Work task:
The listing below must be repeated word for word, with its images excluded.
[[ Dataset excerpt, beginning ]]
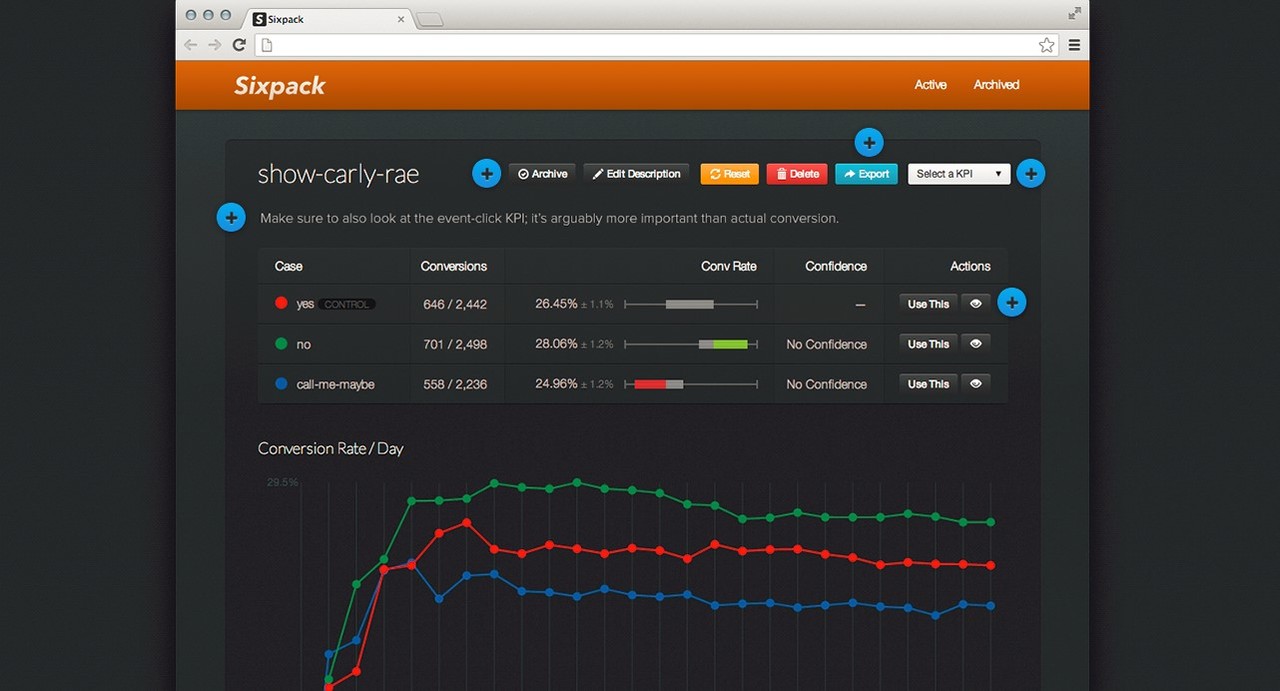 Sixpack makes it easy to run A/B tests across multiple web services written in different languages. It includes a beautiful dashboard for viewing test results and choosing winners. Sixpack is a language-agnostic ab testing framework which helps to toggle a test variation in Javascript, track conversions in Ruby, and record a KPI in a Python service along the way. Sixpack can initiate a test with a few lines from your client library(ies) of choice. Once a user enters a test it will automatically show up in the web UI. Sixpack has a simple, elegant web UI that presents all experiments…
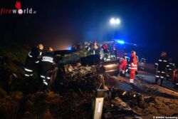 Aus noch ungeklärter Ursache prallten zwei Fahrzeuge frontal gegeneinander. Bei der Lageerkundung durch den Einsatzleiter Johannes Freund wurde festgestellt, dass eine Person in einem Wrack eingeklemmt war, die Person des zweiten Pkws wurde bereits durch das Rote Kreuz versorgt, war jedoch nicht eingeklemmt.
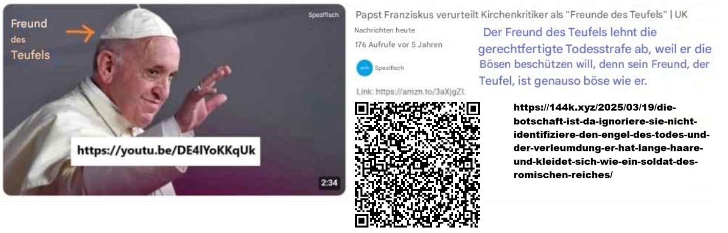 , Die Änderung der Texte der Prophezeiungen, die Rebellion gegen das gerechte Gesetz Auge um Auge und gegen den Zeitpunkt des Jüngsten Gerichts war ein vergeblicher Versuch, der prophezeit wurde: Daniel 7:25 Und er wird Worte gegen den Allerhöchsten sprechen und gegen die Heiligen des Allerhöchsten brechen und wird daran denken, die Zeiten und das Gesetz zu ändern; und sie werden in seine Hand gegeben für eine Zeit und zwei Zeiten und eine halbe Zeit.
[[ Dataset excerpt, end ]]
Written response:
 Sixpack makes it easy to run A/B tests across multiple web services written in different languages. It includes a beautiful dashboard for viewing test results and choosing winners. Sixpack is a language-agnostic ab testing framework which helps to toggle a test variation in Javascript, track conversions in Ruby, and record a KPI in a Python service along the way. Sixpack can initiate a test with a few lines from your client library(ies) of choice. Once a user enters a test it will automatically show up in the web UI. Sixpack has a simple, elegant web UI that presents all experiments…
 Aus noch ungeklärter Ursache prallten zwei Fahrzeuge frontal gegeneinander. Bei der Lageerkundung durch den Einsatzleiter Johannes Freund wurde festgestellt, dass eine Person in einem Wrack eingeklemmt war, die Person des zweiten Pkws wurde bereits durch das Rote Kreuz versorgt, war jedoch nicht eingeklemmt.
 , Die Änderung der Texte der Prophezeiungen, die Rebellion gegen das gerechte Gesetz Auge um Auge und gegen den Zeitpunkt des Jüngsten Gerichts war ein vergeblicher Versuch, der prophezeit wurde: Daniel 7:25 Und er wird Worte gegen den Allerhöchsten sprechen und gegen die Heiligen des Allerhöchsten brechen und wird daran denken, die Zeiten und das Gesetz zu ändern; und sie werden in seine Hand gegeben für eine Zeit und zwei Zeiten und eine halbe Zeit.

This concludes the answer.